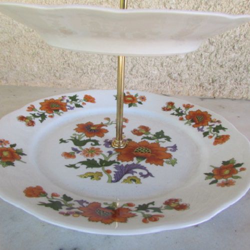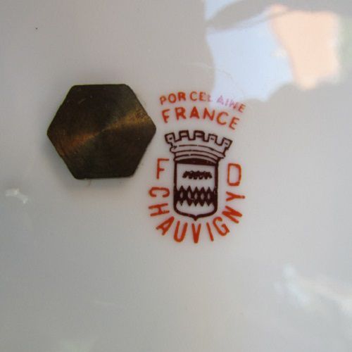 Raffiné ces deux plats à présentation montés sur tige métal doré, démontable, en porcelaine de Chauvigny.
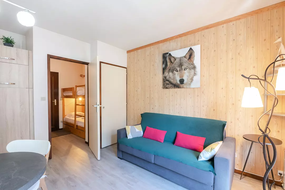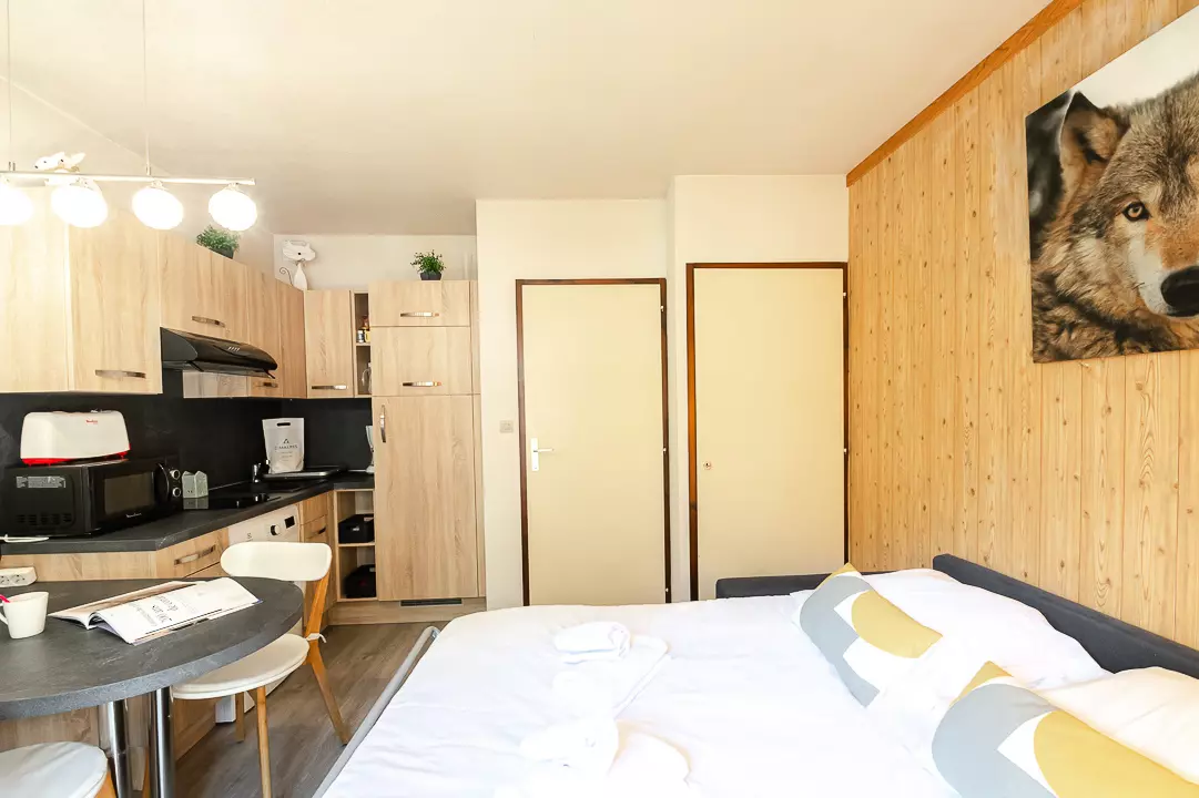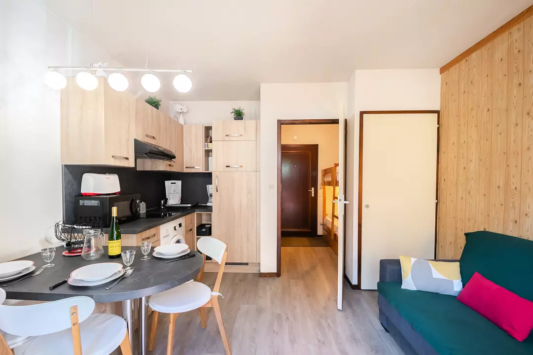 Charmant studio de 20m² pour 3 personnes, classé 2 étoiles, il est situé au 2ème étage avec ascenseur de la résidence Les Sommets, à proximité de l'Aiguille du Midi et du centre de Chamonix.
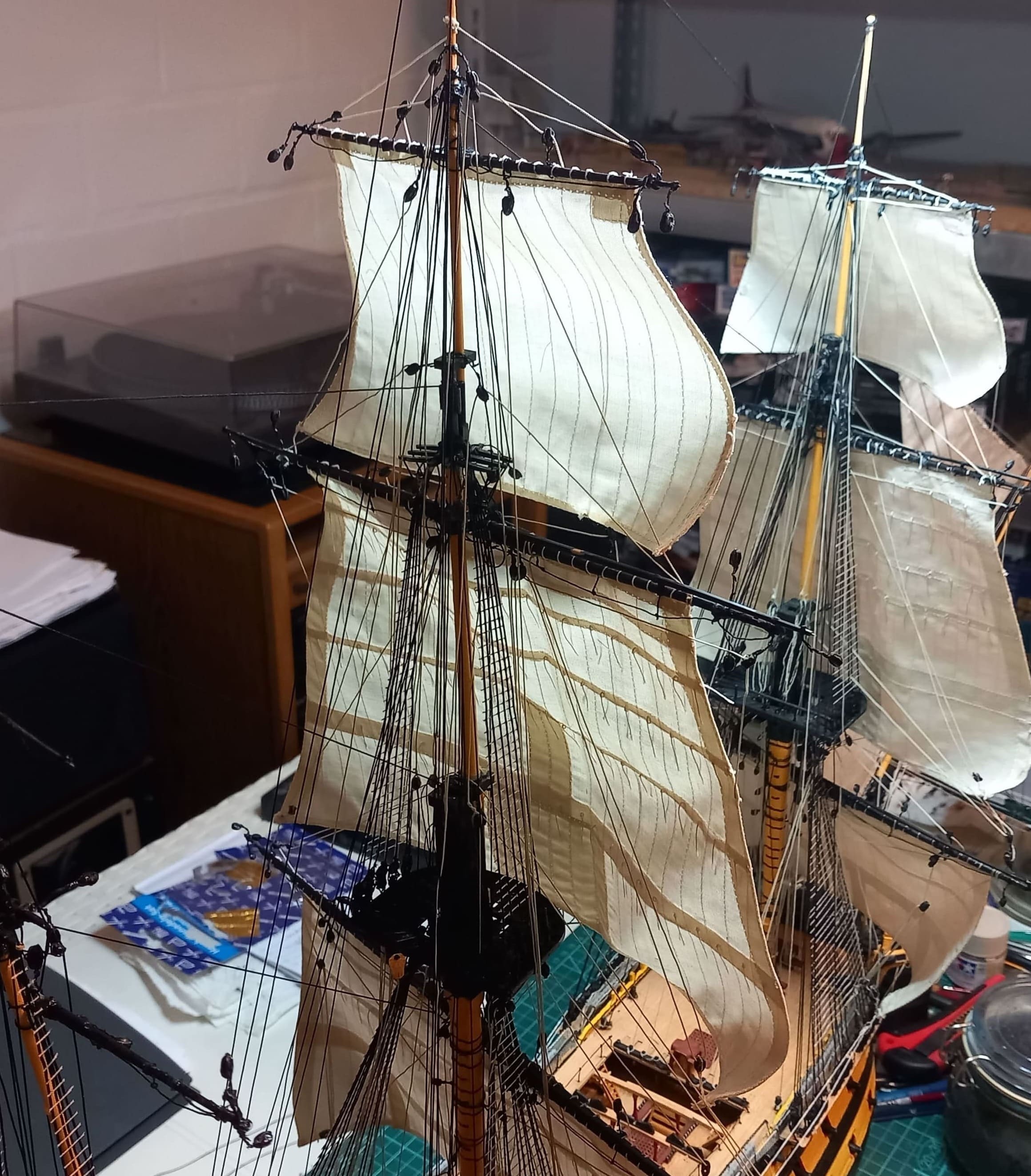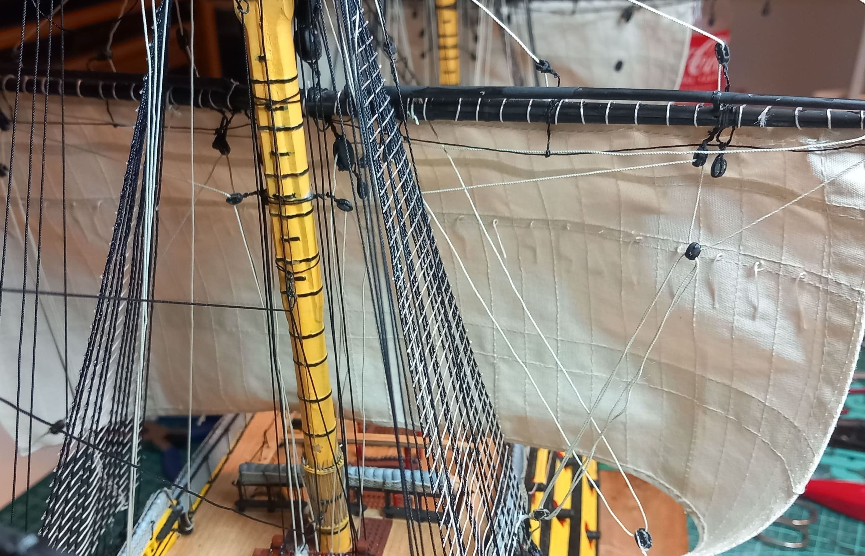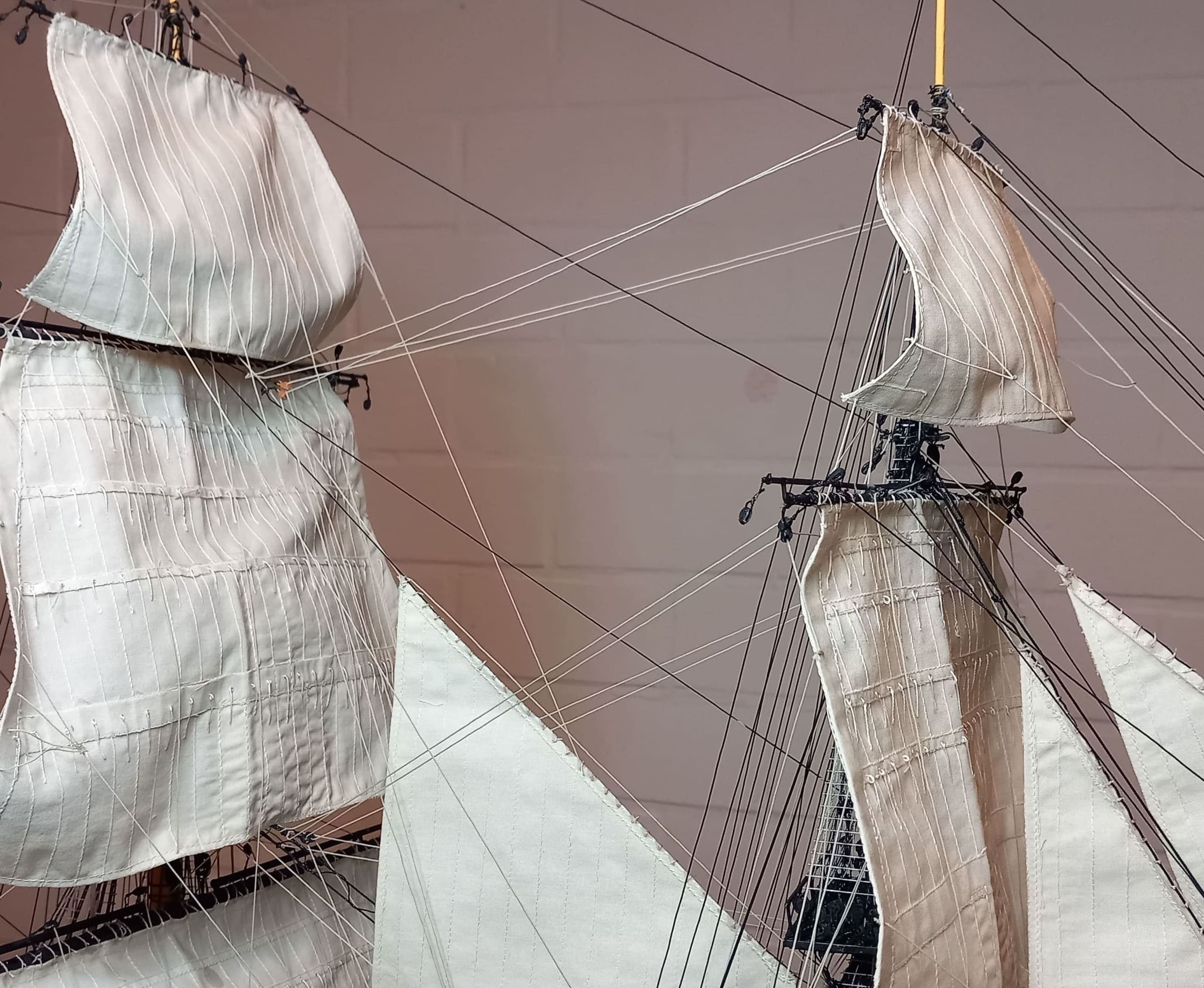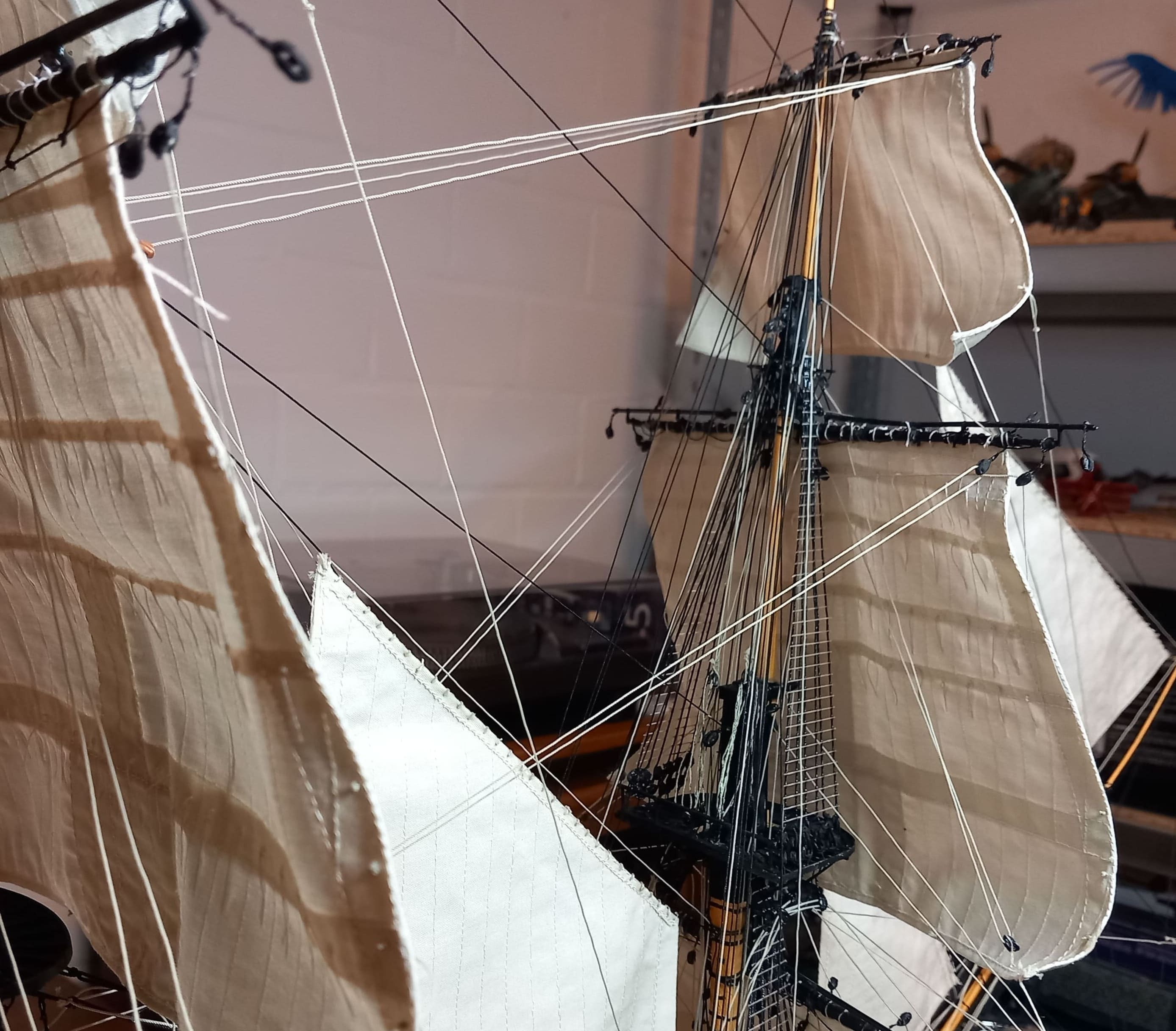 Es geht weiter. Großmarssegel und Großbramsegel sind gesetzt. Die Taue vor und hinter den Segeln sind gezogen. Das Großbramsegel (das obere) ist ein wenig zu groß geraten. Es geht etwas zu weit herunter aber ich lasse das gerade noch so durchgehen. Anfangs dachte ich das ich mich beim Abstand der Rahen zueinander vertan haben könnte. Aber das Nachmessen ergab, das der Abstand stimmt. Also kann es nur am Segel liegen. Das Kreuzbramsegel am Besan ist allerdings ca. 2 cm zu breit. Meine Schwester kann das zum Glück einkürzen und umnähen. Ansonsten gefallen mir die Segel sehr gut.
-*-*-
> _WHAT TO WORK ON_
Omitting the images, copy the listing exactly.

> _EXPECTED ANSWER_
 Raffiné ces deux plats à présentation montés sur tige métal doré, démontable, en porcelaine de Chauvigny.
 Charmant studio de 20m² pour 3 personnes, classé 2 étoiles, il est situé au 2ème étage avec ascenseur de la résidence Les Sommets, à proximité de l'Aiguille du Midi et du centre de Chamonix.
 Es geht weiter. Großmarssegel und Großbramsegel sind gesetzt. Die Taue vor und hinter den Segeln sind gezogen. Das Großbramsegel (das obere) ist ein wenig zu groß geraten. Es geht etwas zu weit herunter aber ich lasse das gerade noch so durchgehen. Anfangs dachte ich das ich mich beim Abstand der Rahen zueinander vertan haben könnte. Aber das Nachmessen ergab, das der Abstand stimmt. Also kann es nur am Segel liegen. Das Kreuzbramsegel am Besan ist allerdings ca. 2 cm zu breit. Meine Schwester kann das zum Glück einkürzen und umnähen. Ansonsten gefallen mir die Segel sehr gut.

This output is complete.